Bye Aerospace announced it had finalized the supplier agreement with Garmin to to provide the eFlyer 2 aircraft with a full suite of Garmin G3X Touch avionics.
Bye Aerospace announced that is have received 624 "Customer Commitments" for its series of all-electric eFlyer aircraft.
This includes: 170 deposits, 318 memoranda of understanding (MOUs), and 136 MOU options.
FutureFlight assesses the probability of success for a new aircraft program by considering the following criteria:
Bye Aerospace has taken a different, and at face value more conventional, approach to many in the eVTOL sector by sticking with a fixed-wing airframe. This significantly reduces the technology and business risks associated with bringing completely new eVTOL designs into service. Its business model is founded on applications like flight training and air taxi operations being early adopters of electric propulsion
The company appears to have solid financial backing and deep reservoirs of aerospace expertise on tap, especially in view of an additional $10 million fund-raising round completed in July 2020.
Bye's future plans received a further boost from an undisclosed strategic investment by a newly formed South Korean group called Aerospace9. Little more is known about the new partner and its role, but it appears to be related to Bye's plans to announce a new larger member of the eFlyer family, called the Envoy.
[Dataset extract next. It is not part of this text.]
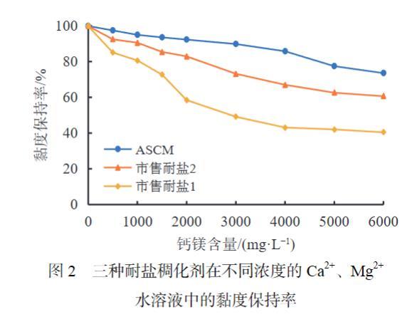 模擬蘇里格氣田水中Ca2+、Mg2+含量,配制鈣鎂總量在500~6000 mg/L的二價鹽水溶液,分別評價ASCM和兩種市售耐鹽稠化劑的耐鈣鎂離子的能力,結果如圖2所示。ASCM耐鈣鎂離子的能力明顯優于另外兩種耐鹽稠化劑,當鈣鎂總量達到3000 mg/L時黏度保持率在90%左右,鈣鎂總量達到6000 mg/L時黏度保持率在70%以上,耐鈣鎂能力達到6000 mg/L。這是由于ASCM結構中的雙尾疏水單體在微疏水作用下賦予聚合物分子鏈良好的延展性和柔韌性,促使聚合物在高鹽水中快速舒展溶脹,同時含有的季銨鹽陽離子、磺酸基團能夠有效減弱高濃度Ca2+、Mg2+對聚合物的屏蔽作用,有利于形成更多的氫鍵結構,在分子鏈間提供更多的物理“交聯位點”,保持較大的流體力學體積,提高在鹽水中的增黏效果。

This nine-seat would mark a significant expansion of its electric aircraft product portfolio, and may indicate some further progress in expanding the performance of available electric batteries.
The company's commercial prospects have been boosted significantly with a flurry of provisional orders for the eFlyer family that exceeded 700 units as of the end of August 2021. These cover a mix of the eFlyer 2, 4, and 800 models.
The two-seat electrically powered eFlyer 2 is expected to achieve FAR Part 23 type certification in 2021. On February 2, 2019, an eFlyer 2 prototype made its first flight powered by the Siemens SP70D motor selected as the eFlyer powerplant. It provides a peak power rating of 120 HP and a continuous rating of 94 HP. A prototype powered by a different motor had made a first flight on April 10, 2018. As of July 2019, the company said it was close to completing the critical design review.
The eFlyer 2 is priced at $394,000, and Bye Aerospace has already collected numerous $5,000 deposits for the aircraft. In May 2019, general aviation charter marketplace BlackBird signed a contract to buy a mix of 100 eFlyer 2s and the four-seat eFlyer 4s. In the same month, flight training group OSM Aviation agreed to buy 60 eFlyer 2s, with first deliveries expected in late 2021.
According to the manufacturer's founder George Bye, it opted to build its program around a conventional fixed-wing airframe based on its conviction that this will deliver better overall energy efficiency. At 20.6, the eFlyer's lift-to-drag ratio is twice as efficient at that of the Cessna 172 at 10. Bye argues that the combination of an electric powerpoint and an efficient fixed-wing airfoil can outperform most of the eVTOL concepts depending on rotors. Avionics for both aircraft are from Garmin, which is supplying its G3X touchscreen suite.
Bye Aerospace raised $5 million in Series C fudning from Galileo Securities and Ashanti Capital.
Bye Aerospace announced a major investment by the SUBARU-SBI Innovation Fund. The amount was not disclosed.
The investment, which closed on November 6, 2018, will be used to advance the FAA certification process for the Sun Flyer 2 electric plane.
SUBARU-SBI Innovation Fund is a jointly established private fund between Subaru Corporation and SBI Investment Co., Ltd. The Fund will invest in promising start-up companies in Japan and internationally that are expected to generate business synergies in Subaru Corporation’s existing and prospective business areas.
Bye Aerospace this week raised a further $10 million to support the development of its all-electric eFlyer family of fixed-wing light aircraft. The U.S. company announced on July 13 that an undisclosed venture capital group has invested $5 million and that this was supplemented by an additional $5 million venture raise.